И осекся. Прикусил язычок.

– Даром что – что? – сухим, собранным голосом спросил Вадим Мефодьевич у Анатолия Андреевича.

Смешливый в прежней жизни Хмелев (Хуторянин, как его прозвали тут) без труда удержался от неуместной улыбки, а Рубахе – уводя с места преступления – пришлось уверять, что нет, ни-ког-да, и не такие уж дураки в облздраве. Что не бывать в Казимове дому престарелых, а исполать стать – многая лета! – участковой врачнице имени старины Мефодьича.
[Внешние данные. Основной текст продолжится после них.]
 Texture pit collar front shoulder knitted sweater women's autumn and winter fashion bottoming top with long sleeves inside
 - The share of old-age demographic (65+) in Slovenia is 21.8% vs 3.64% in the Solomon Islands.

Угрюмо отслушав «дружески подначивающую» диатрибу и нимало ею не тронутый, старина Мефодьич сам забубнил о «слишком долгом» пути эритроцита к мозгу у разного рода амбалов и что посему порох выдумали не кавалергарды, не регбисты какие-нибудь, а легкотелые древние китайцы. что рост умнейшего человека России был... и т. д. и т. п. и проч. и проч.

Это был ответ на даром что, на опрометчивый намек о невысоком росте старины Мефодьича, на общую его физическую мелковатость.

И это был перебор.

Конфузясь за товарища, Рубаха молчал, темнел и клонил долу клочну бороду, а озабоченный хозяин дома – Хуторянин – прикидывал в уме число дней с убытия питерской гостьи.
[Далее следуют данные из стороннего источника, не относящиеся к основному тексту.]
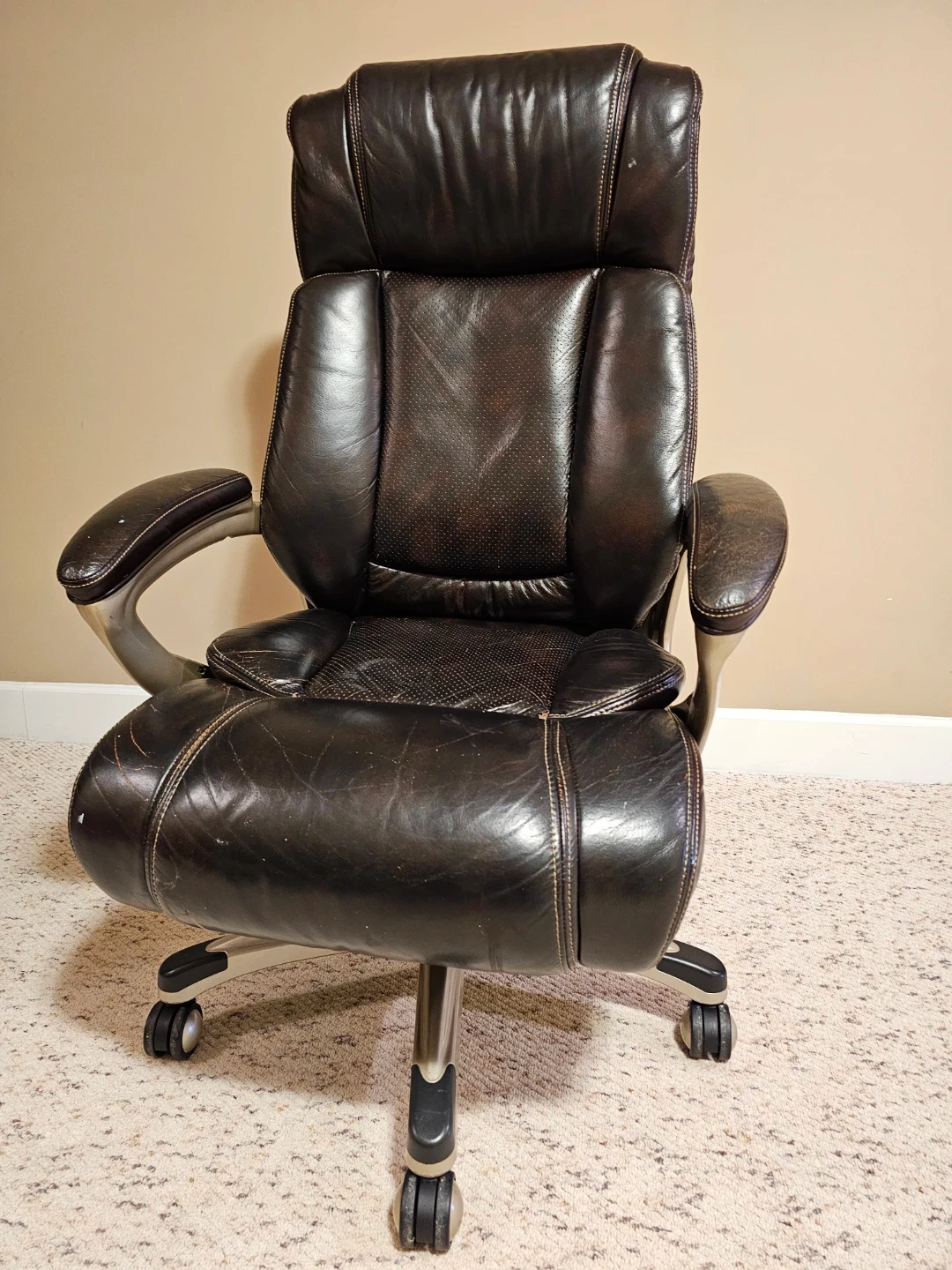 This office chair is upholstered in dark brown leather with contrasting stitching. It features a padded seat and backrest for comfort. The chair has a five-star base with wheels for easy mobility. Brought from Costco 3 years ago. It is in good condition with normal usage signs.

– Ну ладно, Вадя, хорош! – Подняв, уронил на колени руки представитель-делегат регбистов и кавалергардов. – Сдаюсь! Сда-ю-ся.

Плохий на полуслове смолк, сщурился и, будто во внезапном о чем-то задуме, отрешенно застекленел «вдаль» глубоко посаженными серо-голубыми зеницами.

В первые, самые тяжкие дни на хуторе, разводя топором ржавую двуручную пилу, Хмелев нехорошо поранил ладонь, а ни сном ни духом не ведомый ему в ту пору доктор зашил рану под местной анестезией.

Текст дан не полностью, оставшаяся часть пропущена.